● YOUR OBJECTIVE
What is wanted is every line below from the one with "Of drum form" up to and including the one with "A PowerA Protection", retyped exactly, pictures excluded, nothing else.

Items from a data source:
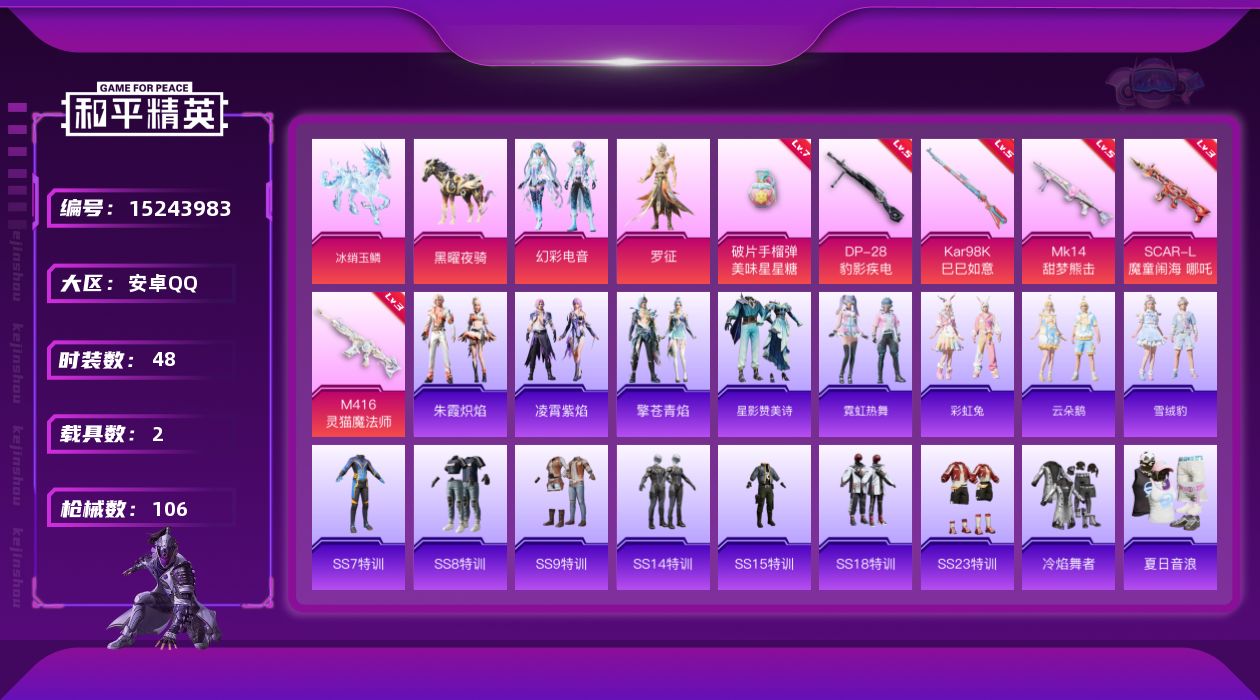 - PX_2077894- 安卓手Q-28王牌印记-15粉装-10特效枪-0载具-120628热力值-289套装-391枪皮-5卓越印记-0传奇印记 【15粉装】,梦幻火箭,宝贝奶油派,蝶舞迷情,洛天依,星穹咏叹调,千金淑猫,暗夜玫瑰,古堡领主,冰川幽秘,冰川红玫,银刃赛罗,冰霜白皇,暗夜鎏金,快乐主宰,呆萌星弥 【10特效枪】AKM-炫紫旋律-7级 SCAR-L-机甲封神-7级 M416-五爪金龙-
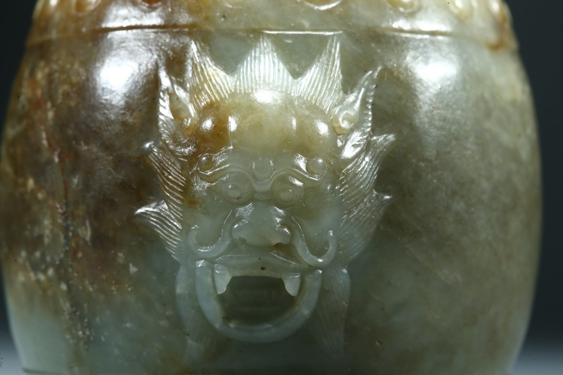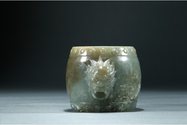Of drum form with swelling sides rising to a flat top,both sides carved with mythical beast mask with mouth agape,all between two double-bands of studded bosses. Qing Dynasty period.
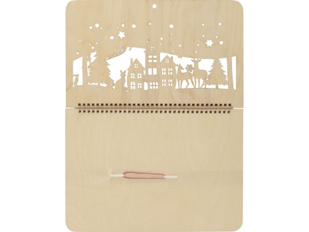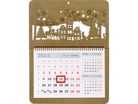 Настенный перекидной календарь имеет необычную обложку, в роли которой выступают фанерные крышки. Нижняя крышка сплошная, верхняя — резная, ажурная, с вырезанным новогодним пейзажем и большим полем под нанесение логотипа или надписи, которая органично впишется в облик календаря.
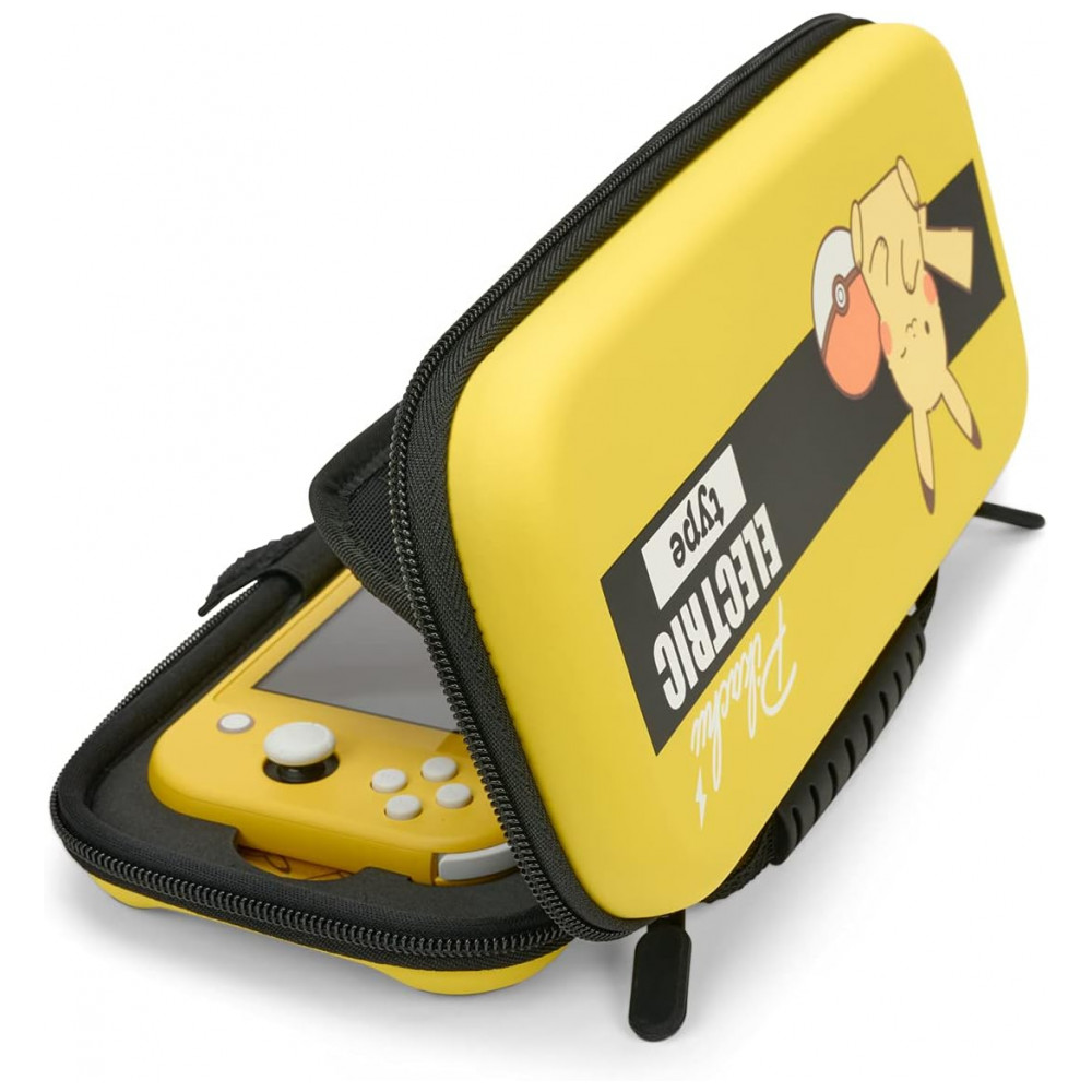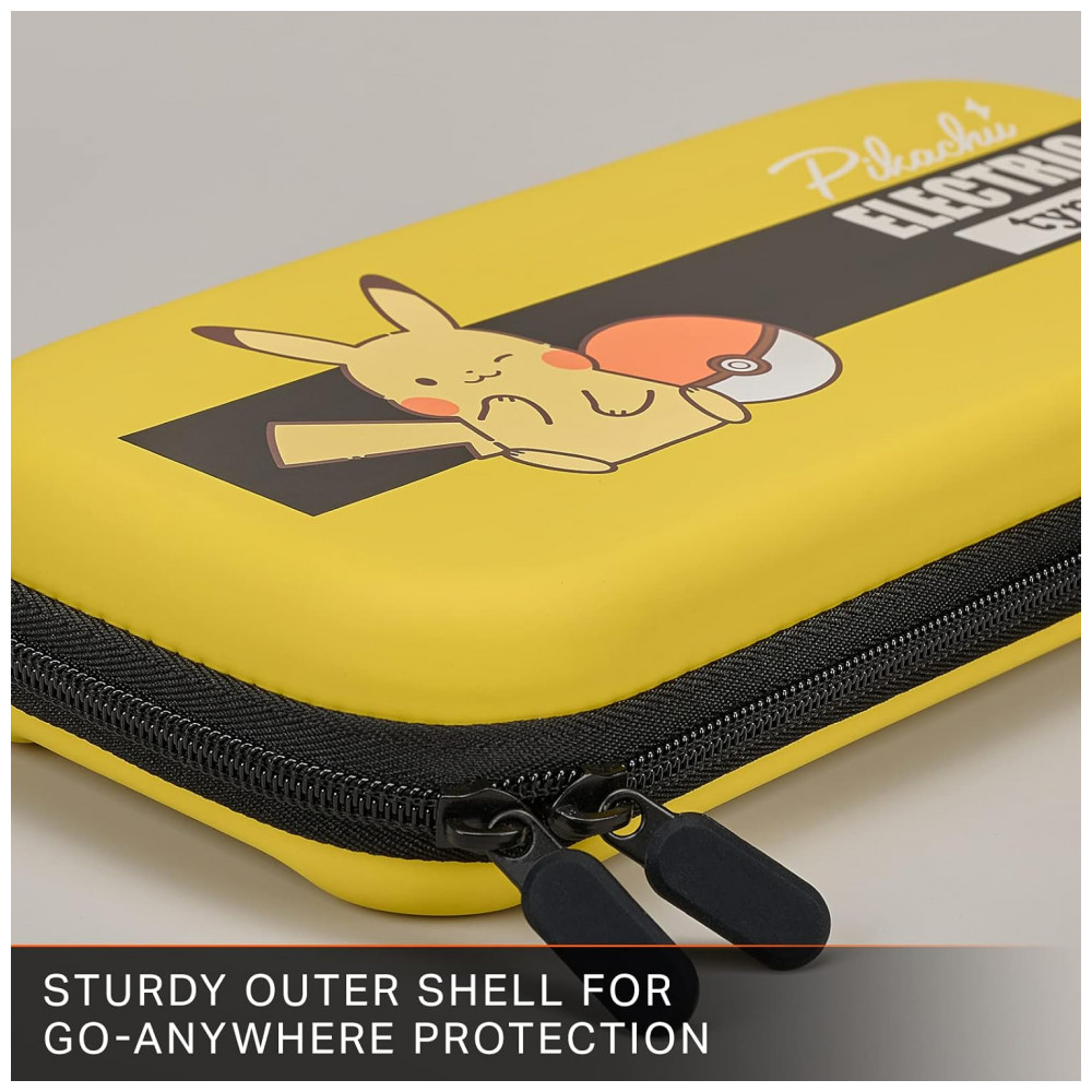 A PowerA Protection Case Pikachu Electric Type é uma case rígida compacta para transporte do Nintendo Switch em modo portátil, projetada para proteger o console contra riscos e pequenos impactos no dia a dia e em viagens. Ela é oficialmente licenciada e compatível com Nintendo Switch, Nintendo Switch – OLED Model e Nintendo Switch Lite, acomodando o console com Joy‑Con acoplados.
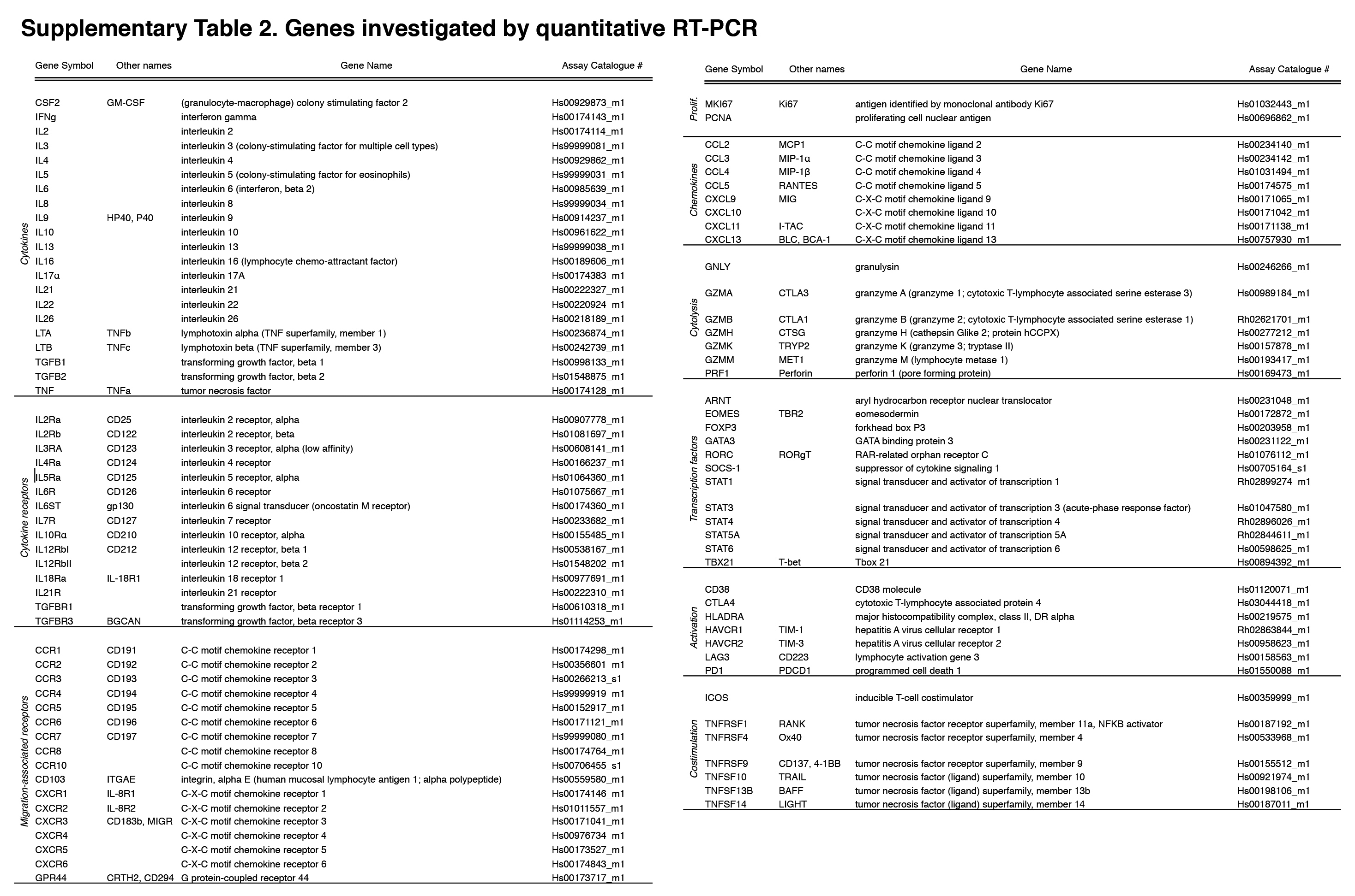 Multi-parametric quantitative RT-PCR. We largely followed the protocols set forth by Dominguez et al. [19]. Briefly, TaqManTM primer/probe sets (Life Technologies) were chosen for genes relevant for T-cell immunity, including those associated with cytokines, cytokine receptors, migration, proliferation, chemokines, cytolysis, transcription factors, activation, and costimulation (see Supplementary Table 2). Depending on subset abundance, 10-100 cells were sorted by fluorescence-activated cell sorting for assessment of gene expression in different CD4+ T-cell subsets (Supplementary Figure 5). Cells were sorted directly into cell culture plates containing 10µl of reaction mix (Invitrogen Cell Direct KitTM, Life Technologies); the manufacturer’s instructions were followed for reverse transcription (15min at 50°C) and cDNA synthesis (2min at 95°C; 15sec at 95°C; 4min at 60°C). Seventeen pre-amplification cycles were performed (15sec at 95°C; 4min 60°C).

● OUTPUT FOR THIS TASK
Of drum form with swelling sides rising to a flat top,both sides carved with mythical beast mask with mouth agape,all between two double-bands of studded bosses. Qing Dynasty period.
 Настенный перекидной календарь имеет необычную обложку, в роли которой выступают фанерные крышки. Нижняя крышка сплошная, верхняя — резная, ажурная, с вырезанным новогодним пейзажем и большим полем под нанесение логотипа или надписи, которая органично впишется в облик календаря.
 A PowerA Protection Case Pikachu Electric Type é uma case rígida compacta para transporte do Nintendo Switch em modo portátil, projetada para proteger o console contra riscos e pequenos impactos no dia a dia e em viagens. Ela é oficialmente licenciada e compatível com Nintendo Switch, Nintendo Switch – OLED Model e Nintendo Switch Lite, acomodando o console com Joy‑Con acoplados.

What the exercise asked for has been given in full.